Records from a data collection

________________________

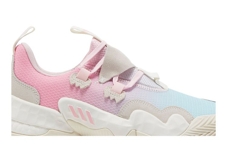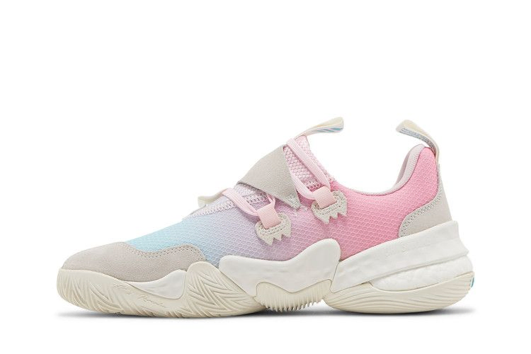 Модель adidas Trae Young 1 'ICEE' представляет собой одну из вводных расцветок дебютной фирменной обуви звезды НБА. Это официальная коллаборация с брендом замороженных напитков. Верхняя часть кроссовок выполнена из текстиля в розово-голубой гамме, вдохновленной сахарной ватой. Личный логотип Трэя украшает язычок, а графика ICEE - накладки на пятке. Обтекаемая форма, созданная по образцу adidas N3XT L3V3L, включает в себя полусапожки с застежкой-шнурком, которая ограничена средней частью стопы. Пастельные оттенки верха дополнены белой межподошвой с амортизацией Boost в пятке и пеной Lightstrike в носочной части.
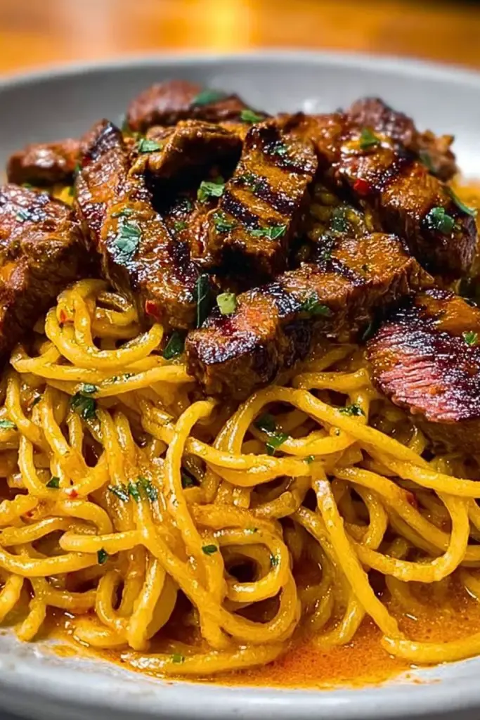 Place the seared beef strips over the creamy Cajun spaghetti. Let them warm through for a minute or two, or stir them gently into the pasta if preferred. Garnish with freshly chopped parsley for a pop of color and freshness.
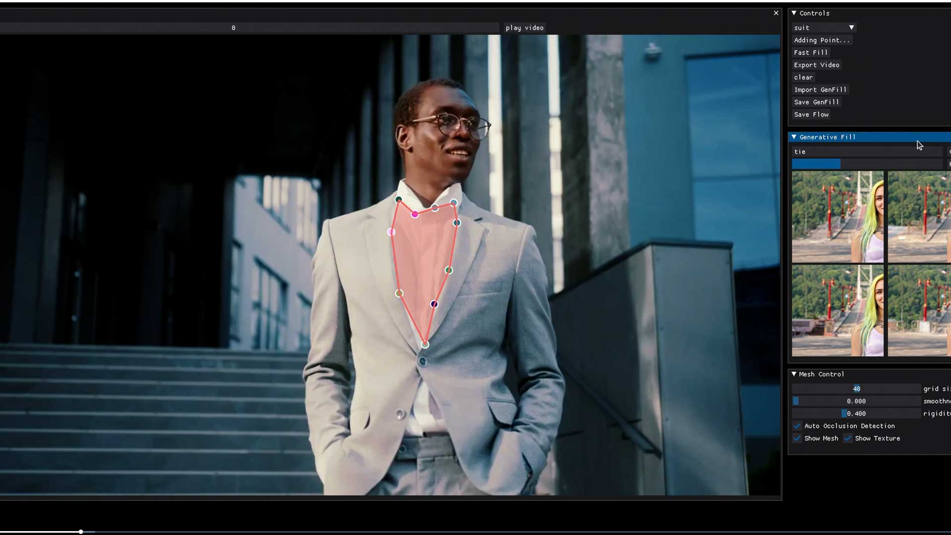 Dem Modell einfach eine Kravatte umhängen - das zeigt Adobe im Video und betont, dass dabei auch die Licht- und Schatteneffekte korrekt auf das neue Objekt gespiegelt werden. Wohlgemerkt im bewegten Video.
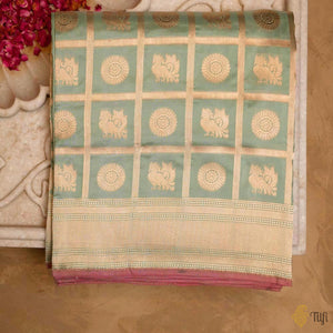 Speciality - Woven in the exquisite Banarasi style, the squared pattern and the lovely motifs make this a rare and remarkable saree.
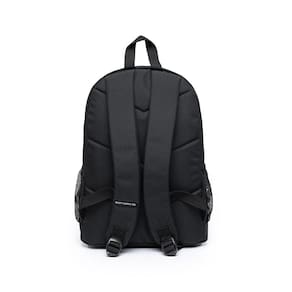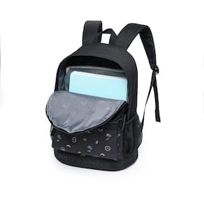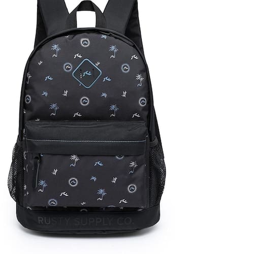 Mochila Rusty em poliéster 600D, com compartimento principal e outro menor na frente, compartimento para notebook de até 15,6", logo bordado na parte frontal e etiquetas personalizadas.
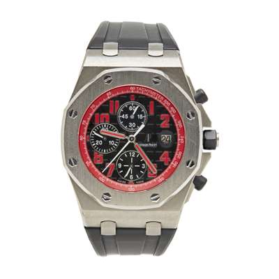 Royal Oak Queen's Road, limited edition, 052/100, titanium case, black textured dial, applied red Arabic numerals, date aperture, black register dials and outer red tachymeter dial, black rubber strap with deployant clasp

________________________

> _TASK INSTRUCTIONS_
Go from the first line of the data above to the line containing "Mochila Rusty em" and retype exactly those lines, both included, but none of the pictures.

> _YOUR SOLUTION_
 Модель adidas Trae Young 1 'ICEE' представляет собой одну из вводных расцветок дебютной фирменной обуви звезды НБА. Это официальная коллаборация с брендом замороженных напитков. Верхняя часть кроссовок выполнена из текстиля в розово-голубой гамме, вдохновленной сахарной ватой. Личный логотип Трэя украшает язычок, а графика ICEE - накладки на пятке. Обтекаемая форма, созданная по образцу adidas N3XT L3V3L, включает в себя полусапожки с застежкой-шнурком, которая ограничена средней частью стопы. Пастельные оттенки верха дополнены белой межподошвой с амортизацией Boost в пятке и пеной Lightstrike в носочной части.
 Place the seared beef strips over the creamy Cajun spaghetti. Let them warm through for a minute or two, or stir them gently into the pasta if preferred. Garnish with freshly chopped parsley for a pop of color and freshness.
 Dem Modell einfach eine Kravatte umhängen - das zeigt Adobe im Video und betont, dass dabei auch die Licht- und Schatteneffekte korrekt auf das neue Objekt gespiegelt werden. Wohlgemerkt im bewegten Video.
 Speciality - Woven in the exquisite Banarasi style, the squared pattern and the lovely motifs make this a rare and remarkable saree.
 Mochila Rusty em poliéster 600D, com compartimento principal e outro menor na frente, compartimento para notebook de até 15,6", logo bordado na parte frontal e etiquetas personalizadas.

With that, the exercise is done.